From: "Wood, Dan" <hexpert(at)amazon(dot)com>
To: "pgsql-bugs(at)postgresql(dot)org" <pgsql-bugs(at)postgresql(dot)org>
Subject: Old row version in hot chain become visible after a freeze
Date: 2017-08-31 22:36:43
Message-ID: E5711E62-8FDF-4DCA-A888-C200BF6B5742@amazon.com
Views: Raw Message | Whole Thread | Download mbox | Resend email
Thread:
Lists: pgsql-bugs


From: Wood, Dan hexpert(at)amazon(dot)com

I’ve found a bug in Postgres which causes old row versions to appear in a table. DEAD rows in a hot chain are getting frozen and becoming visible. I’ve repro’d this in both 9.6.1 and 11-devel.

The repro consists of two short psql scripts.

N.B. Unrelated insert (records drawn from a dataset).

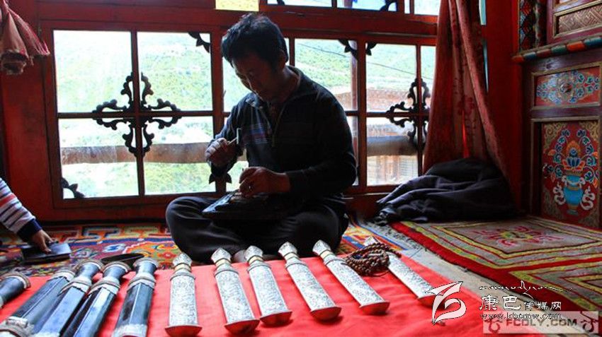 還沒走進白玉縣河坡鄉(xiāng)根秋丹貞家,已傳來叮叮當(dāng)當(dāng)?shù)那么蚵暋?ldquo;我們家祖祖輩輩都從事藏族手工技藝,從以前的兵器到現(xiàn)在的裝飾品等,都是我們純手工制造出來的。”根秋丹貞是“白玉河坡藏族手工技藝”代表性傳承人,每年全國跑訂單,如今已接到了2016年,價值100多萬元。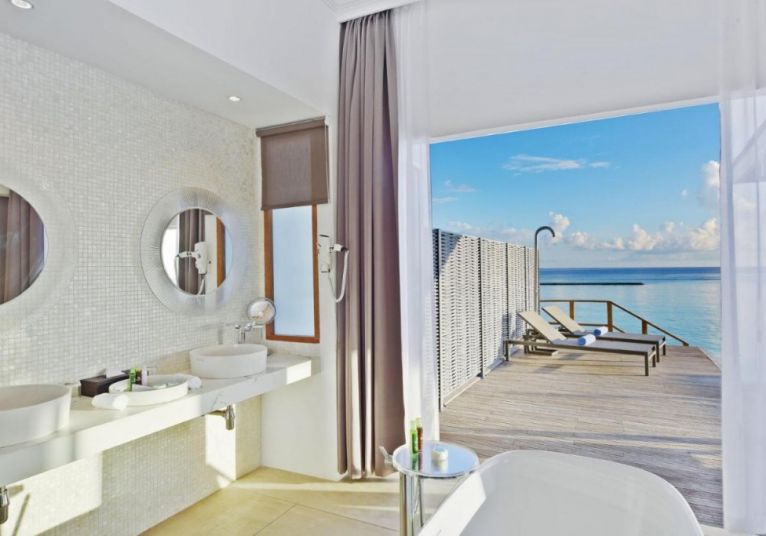 Разположени в средата на тюркоазената лагуна, Deluxe Water Villas разполагат с голямо легло, дневен диван, просторна баня с вана и широка тераса със стъпала директно към водата, както и богато зареден минибар с винена селекция от над 30 бутилки.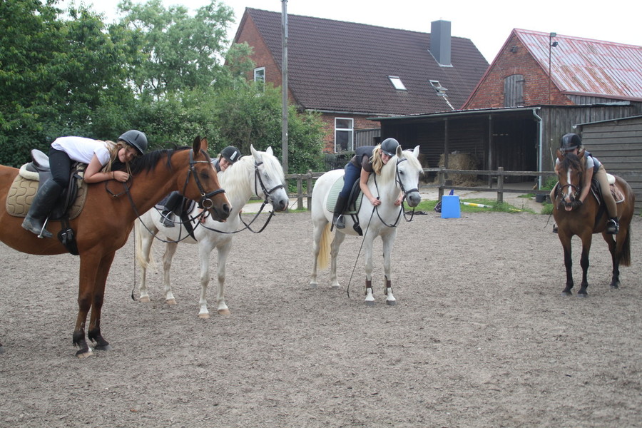 Bei grandiosem Sommerwetter trafen wir uns in dieser Woche täglich auf dem Hof . Ziel der Reitwoche war, auch mal was anderes mit den Pferden zu machen als im normalen Reitunterricht. Die Teilnehmer hatten viele tolle Ideen und so war kein Tag gleich.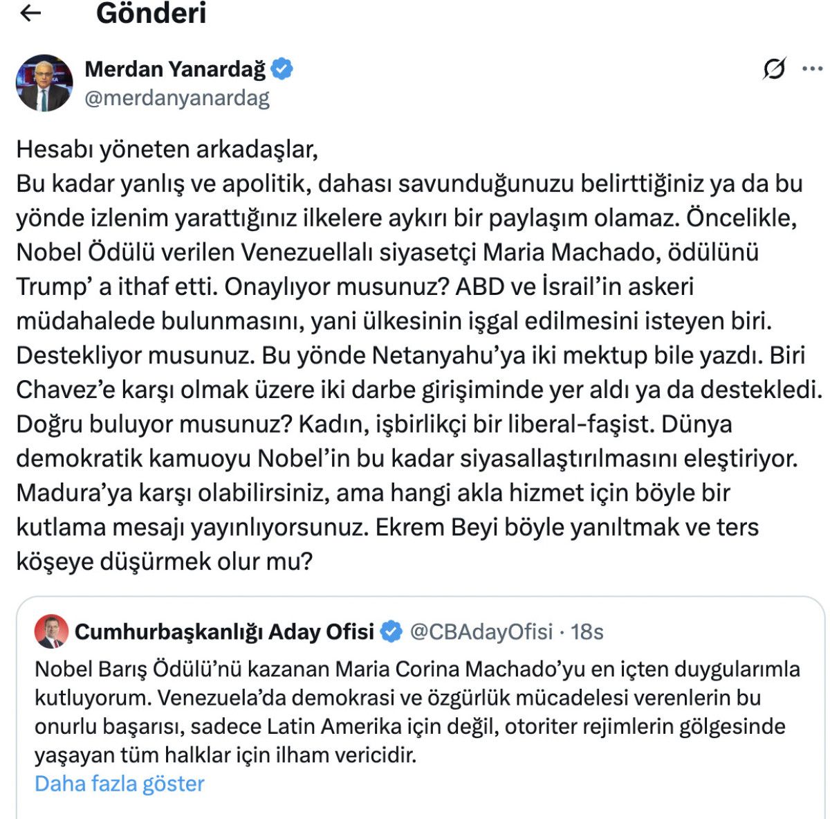 Nobel Ödülü verilen Venezuellalı siyasetçi Maria Machado, ödülünü Trump’ a ithaf etti. Onaylıyor musunuz? ABD ve İsrail’in askeri müdahalede bulunmasını, yani ülkesinin işgal edilmesini isteyen biri. Destekliyor musunuz. Bu yönde Netanyahu’ya iki mektup bile yazdı.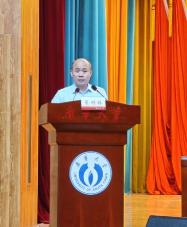 议程第五项,衡阳医学院常务副院长屈顺林总结讲话,他以三个关键词为新生指明成长方向,寄予殷切期望。屈院长向我们提出了三个关键词。第一个关键词:扎根。基础研究的同学,需要耐心地去探求分子和细胞的奥秘,临床医学的同学要保持对病人的关怀和医学敏锐度。第二个关键词:突破。如今医学领域正在经历前所未有的变革,精准医疗、大数据分析、基因编辑等等,这意味着我们需要在创新中走出自己的一条路,医学的创新来自于对未攻克疾病的追求。第三个关键词:仁心,教育广大要扎根基层、坚守临床,敬畏生命,浇灌希望,坚守医者底色。

While the repro does an explicit VACUUM FREEZE, this bug also happens with autovacuum.

FILE: lock.sql
begin;
select id from t where id=3 for key share;
select pg_sleep(1);
update t set x=x+1 where id=3;
commit;
vacuum freeze t;
select ctid, xmin, xmax, id from t;

FILE: repro.sql
drop table t;
create table t (id int primary key, name char(3), x integer);

insert into t values (1, '111', 0);
insert into t values (3, '333', 0);

\! psql -p 5432 postgres -f lock.sql &
\! psql -p 5432 postgres -f lock.sql &
\! psql -p 5432 postgres -f lock.sql &
\! psql -p 5432 postgres -f lock.sql &
\! psql -p 5432 postgres -f lock.sql &

It’s about 50-50 whether any given run of repro.sql will produce output like:

ctid | xmin | xmax | id | x
-------+------+------+----+---
(0,1) | 984 | 0 | 1 | 0
(0,7) | 990 | 0 | 3 | 5
(2 rows)

ctid | xmin | xmax | id | x
-------+------+------+----+---
(0,1) | 984 | 0 | 1 | 0
(0,3) | 986 | 0 | 3 | 1 // This, and x = 2, 3 and 4 came back from the DEAD
(0,4) | 987 | 0 | 3 | 2
(0,5) | 988 | 0 | 3 | 3
(0,6) | 989 | 0 | 3 | 4
(0,7) | 990 | 0 | 3 | 5
(6 rows)

Root cause analysis: lazy_scan_heap() deletes DEAD tuples in heap_page_prune(). However, it is possible for concurrent commits/rollbacks to render a tuple DEAD by the time we reach the switch statement on HeapTupleSatisfiesVacuum(). If such a row IsHotUpdated or IsHeapOnly we can’t delete it below, and must allow a later prune to take care of it.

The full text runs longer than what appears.